Агония и возрождение романтизма - Михаил Яковлевич Вайскопф
Шрифт:
Интервал:
Закладка:
Казалось бы, его благонамеренный патриотизм необратимо расходится с этим высокомерием, но в сущности он повторяет ту же схему, которая отличала привычную для него среду – сперва школьно-немецкую[332], а потом и отчасти офицерско-немецкую. Неколебимая верность присяге и российскому императору у служилых немцев, как правило, сочеталась с колониально-пренебрежительным отношением к его рядовым подданным. Та же двойственность, однако, показательна была и для «истинно русского» национализма – например, для того же Семенова, с которым Фет в свои поздние годы вел почтительную переписку. В послании к нему от 27 марта 1887 года он мрачно резюмирует: «Какие бы мы ни были патриоты, мы должны признать, что живем в стране дикой»[333]. Родной народ в этих кругах теоретически трактовался как некая сакральная субстанция, но словно бы отрешенная от самой себя, – ибо на практике к низовому населению страны, к ее кормильцам патриотическая элита всегда относились крайне пренебрежительно.
В другом письме к Семенову, от 24 марта 1884 года, Фет уже не без примеси ностальгии вспоминал крепостное право, когда
господа кормили крестьян и воздерживали их от пороков, совершенно на том основании естественном, на котором (по рассказу Тургенева) Александр Дюма-отец, предаваясь оргии с какой-то актрисой на тюфяке на полу, туго застегивал прислуживавшей им обезьяне лосины, иначе бы она издрачилась, чего хозяин не хотел. Теперь обезьяну отпустили, и следовало бы поставить дилемму: Свободные ходят без лосинцев – и при переходе на волю часть обезьян изведется, но все остальные привыкнут к свободе <…> Заменою лосинцев явились посредники, и обезьяны стали и строить новые избы, и сажать ракиты, и т. д. Только при таком надзоре и направлении крестьянской деятельности и проверке всей нижестоящей земской полиции имеет смысл помощь в известных непредвиденных случаях[334].

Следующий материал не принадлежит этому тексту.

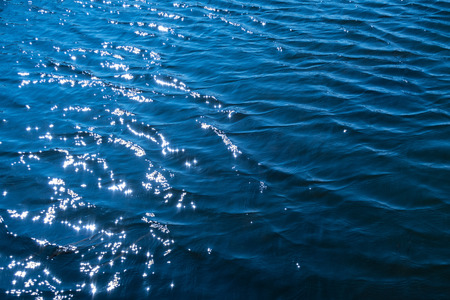 Close up of blue water surface with ripples and sun light.
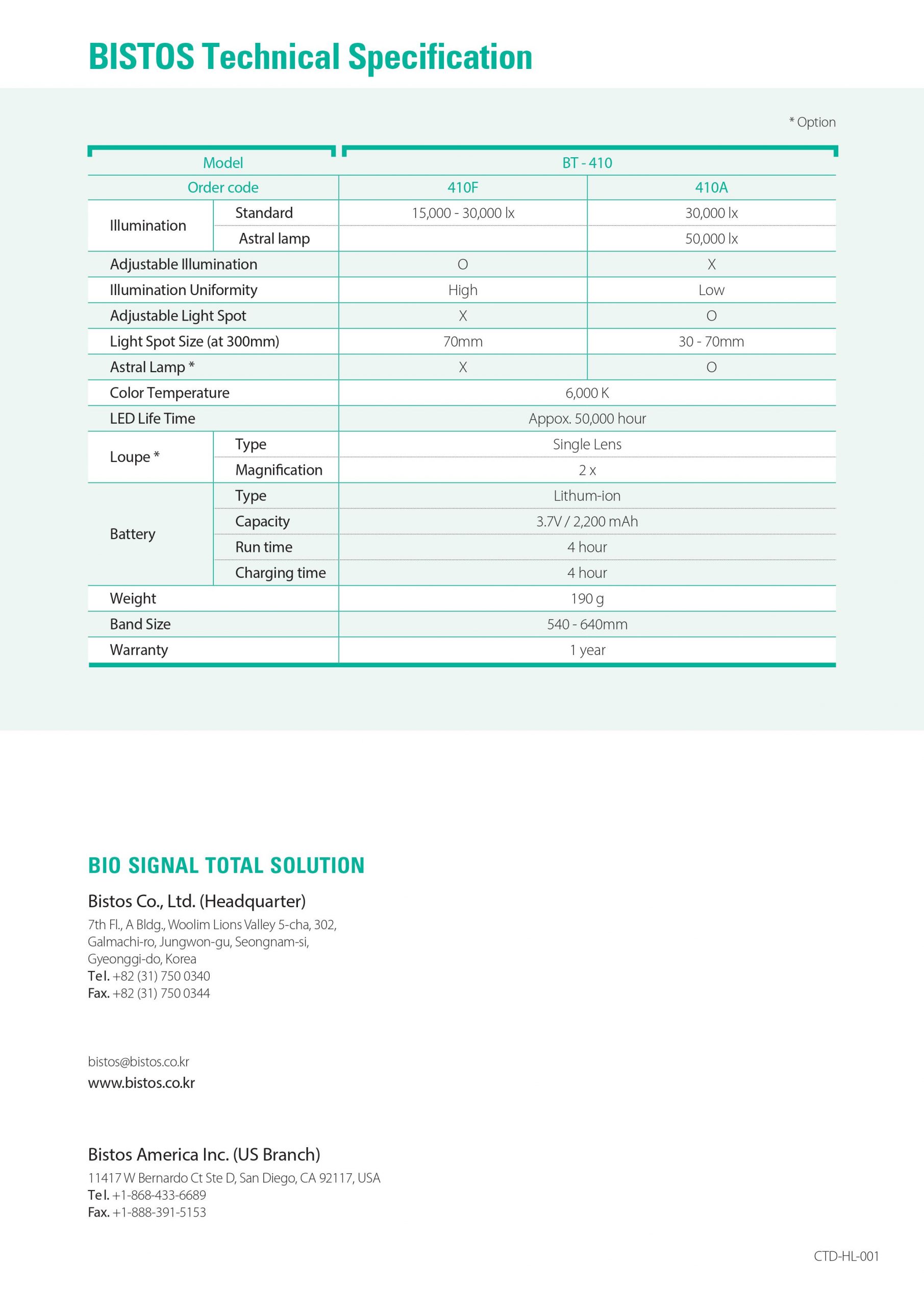 Bistos Medical Head Lamp – BT 410 Technical Specifications: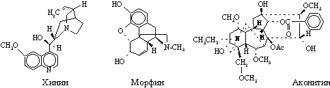 Открытие некоторых алкалоидов Начало химии алкалоидов обычно относят к 1803, когда Л.-Ш. Деронь выделил из опиума – высохшего на воздухе млечного сока снотворного (опийного) мака Papaver somniferum – смесь алкалоидов, которую он назвал наркотином. Затем в 1805 Ф.Сертюрнер сообщил о выделении морфина из опиума. Он приготовил несколько солей морфина и показал, что именно морфином обусловливается физиологическое действие опиума. Позднее (1810) Б.Гомес обработал спиртовый экстракт коры хинного дерева щелочью и получил кристаллический продукт, который назвал “цинхонино”. П. Пельтье и Ж. Кавенту на фармацевтическом факультете Сорбонны (1820) выделили из “цинхонино” два алкалоида, названные хинином и цинхонином. Позднее исследователи получили более двух десятков оснований из экстрактов коры хинного дерева и растений рода ремиджия (Remijia)сем. мареновых. Между 1820 и 1850 было выделено и описано большое число алкалоидов новых разнообразных типов. Среди них аконитин из растений рода аконит (Aconitum, борец) – одно из наиболее токсичных веществ растительного происхождения; атропин – оптически неактивная форма гиосциамина и мощное мидриатическое средство (даже 4*10–6 г вызывают расширение зрачка); колхицин – алкалоид безвременника осеннего, применяемый при лечении подагры; кониин представляет особый исторический интерес, поскольку именно он стал орудием казни Сократа в 399 до н.э., когда великий философ был вынужден выпить чашу с настоем болиголова (Conium maculatum); кодеин – близкий к морфину алкалоид, являющийся ценным обезболивающим и противокашлевым средством; пиперин – алкалоид черного перца (Piper nigrum); берберин – алкалоид из корней барбариса обыкновенного (Berberis vulgaris); стрихнин – очень ядовитый алкалоид,содержащийся в семенах чилибухи (Strychnos nux-vomica) и используемый при некоторых сердечных болезнях и для истребления грызунов; эметин содержится в корне ипекакуаны (Cephaelis ipecacuanha, рвотный корень) – рвотное и противопротозойное средство, применяется для лечения амебной дизентерии; кокаин содержится в листьях тропических растений рода Erythroxylum, главным образом в коке (E. coca), используется в медицине как местноанестезирующее средство: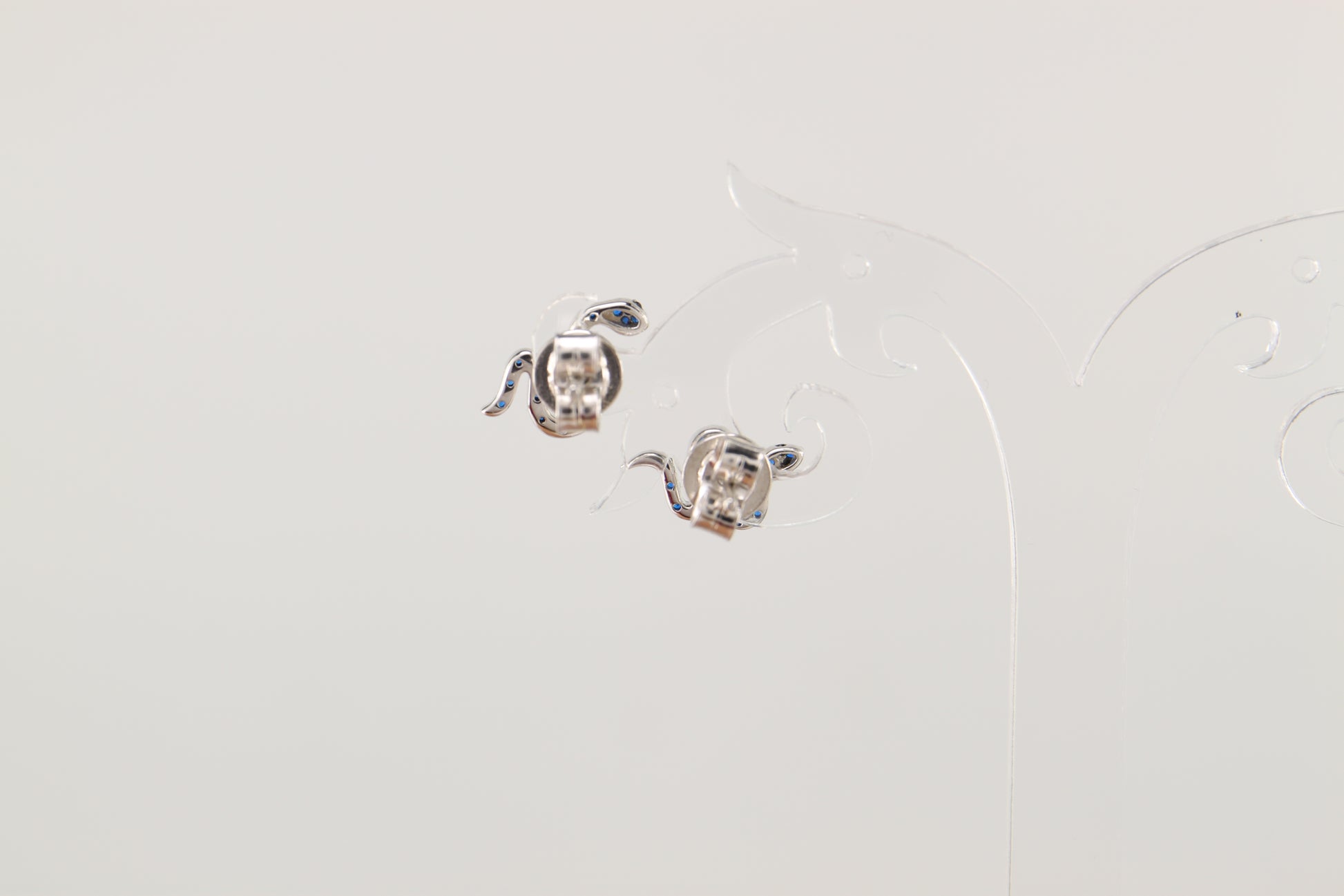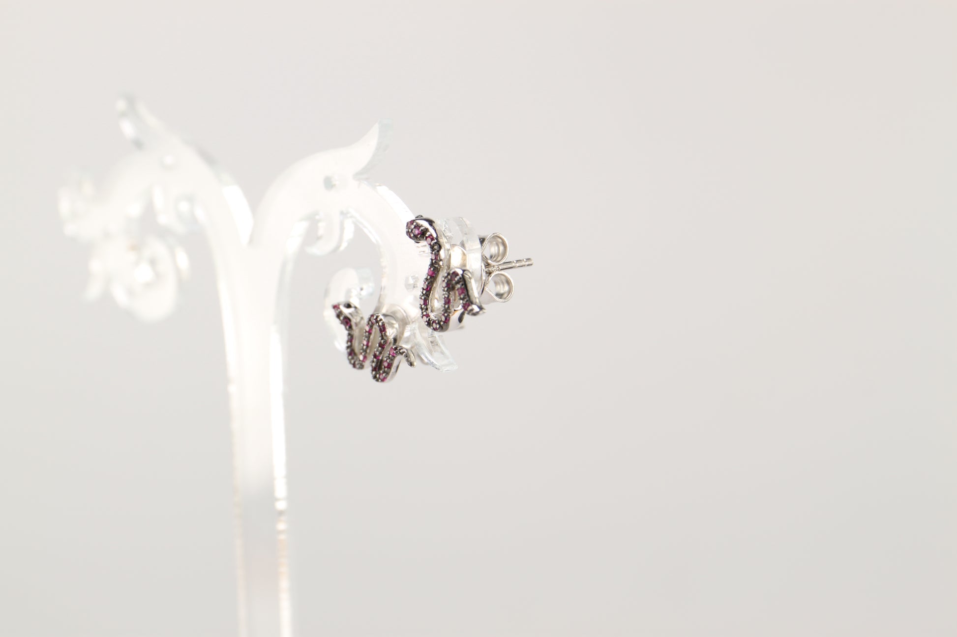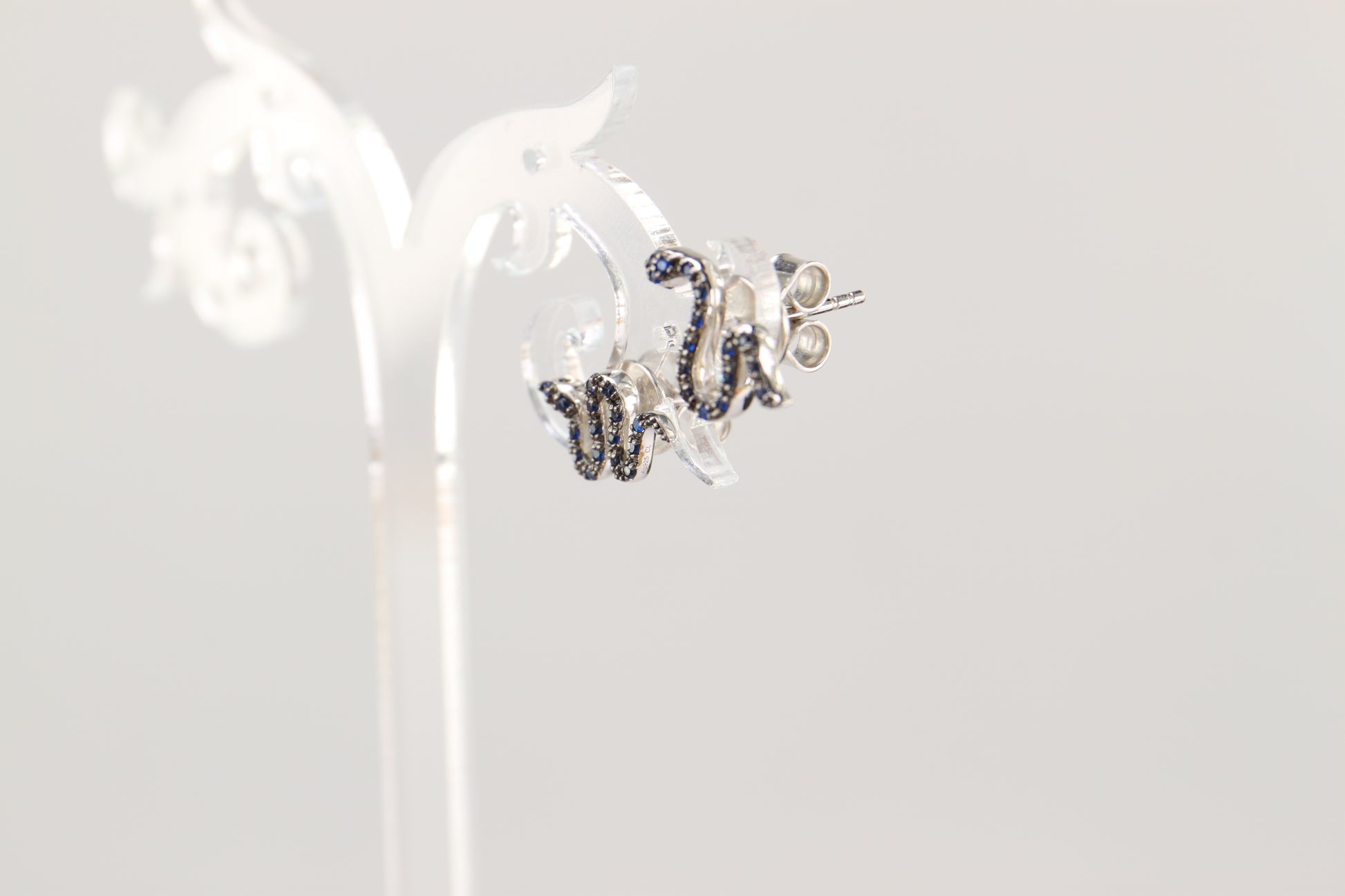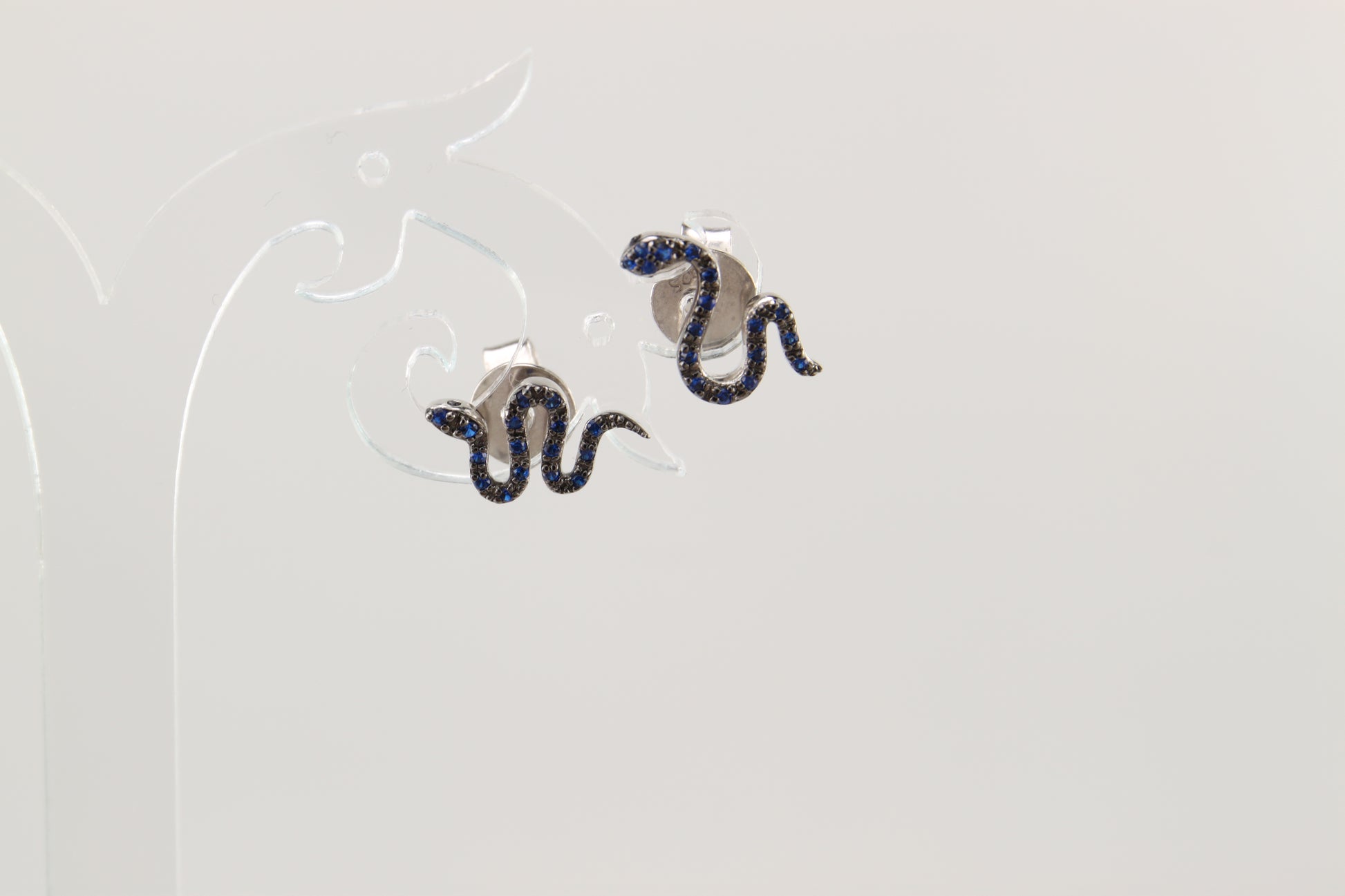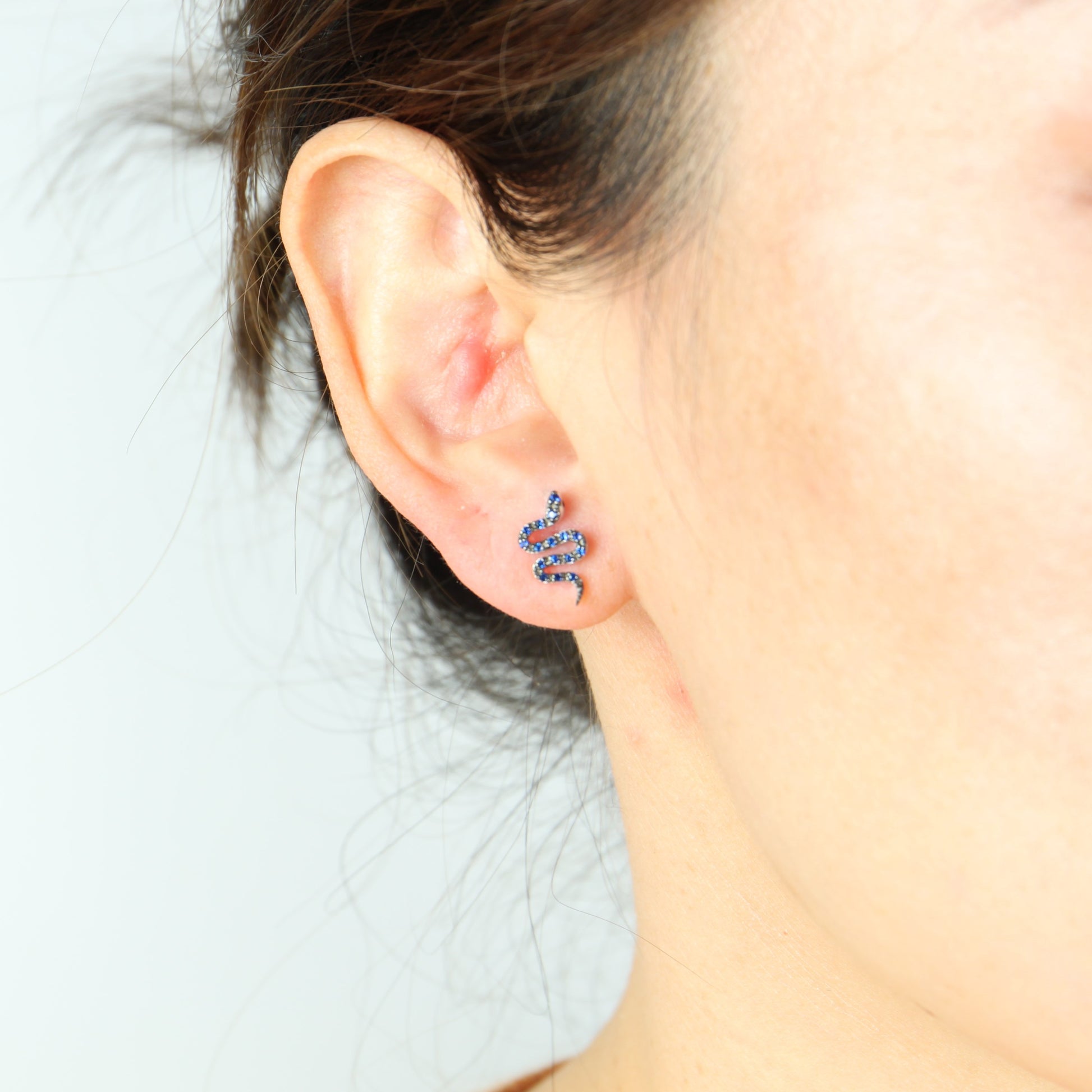 925/1000 Solid Silver With White Black Rhodium Plated Pink Blue Green Stones Snake Earrings

То был спесивый патернализм, основанный на полнейшем неверии режима в разум народа и его способность к самостоятельному бытию. Во главу угла ставилась дрессировка: в худшем случае – кулаком и плетью становых или земских начальников; в лучшем – посредством церковно-приходских школ, поставленных под неусыпный контроль правительства. Апофеозом такого двойственного подхода станет пресловутый «указ о кухаркиных детях», изданный августейшим народолюбцем и националистом Александром Третьим. Характерно, однако, что тот же самый патернализм, только в иной и, так сказать, базаровской его разновидности, усвоили народники и их эсеровские преемники (культ героев, пробуждающих от спячки темные массы), а по их примеру и Ленин, расходившийся здесь с меньшевиками, которые на немецкий манер мечтали о мыслящем пролетариате, о русских Дицгенах и Бебелях. В XX веке к жестко патерналистской традиции справа примыкал, допустим, видный черносотенец Иван Родионов («Наше преступление»), возненавидевший родное простонародье, а в противоположном политическом лагере – Горький в своих панегириках советской власти, которая держала в повиновении столь же ненавистное ему русское (= «азиатское») крестьянство.
Фет тем не менее в ожидании выпрошенной им монаршей милости готов уже до небес превозносить родных «обезьян». Решительно третируя «общественное мнение» – к нему, Фету, всегда враждебное, – он втолковывает Полонскому, обескураженному его постыдным искательством:
По-моему, существуют на Руси только две сферы: августейшая семья и народ, над которыми на недостижимой высоте стоит Царь. Благосклонное действие этих сфер можно обозначить словами: почтить, осчастливить и наградить (ЛН 1: 699).
Каким образом мог бы наградить его благосклонный «народ», остается возвышенной тайной, не подлежащей рациональному объяснению. А в октябре 1889 года, узнав о присвоении Д. В. Григоровичу чина действительного статского советника (равного генеральскому) и поздравляя награжденного, Фет, аттестующий себя как «закоренелый солдат и в собственном соку заспиртованный консерватор», восторженно воспевает «Царскую милость», действуя «в унисон с последним русским мужиком»[335].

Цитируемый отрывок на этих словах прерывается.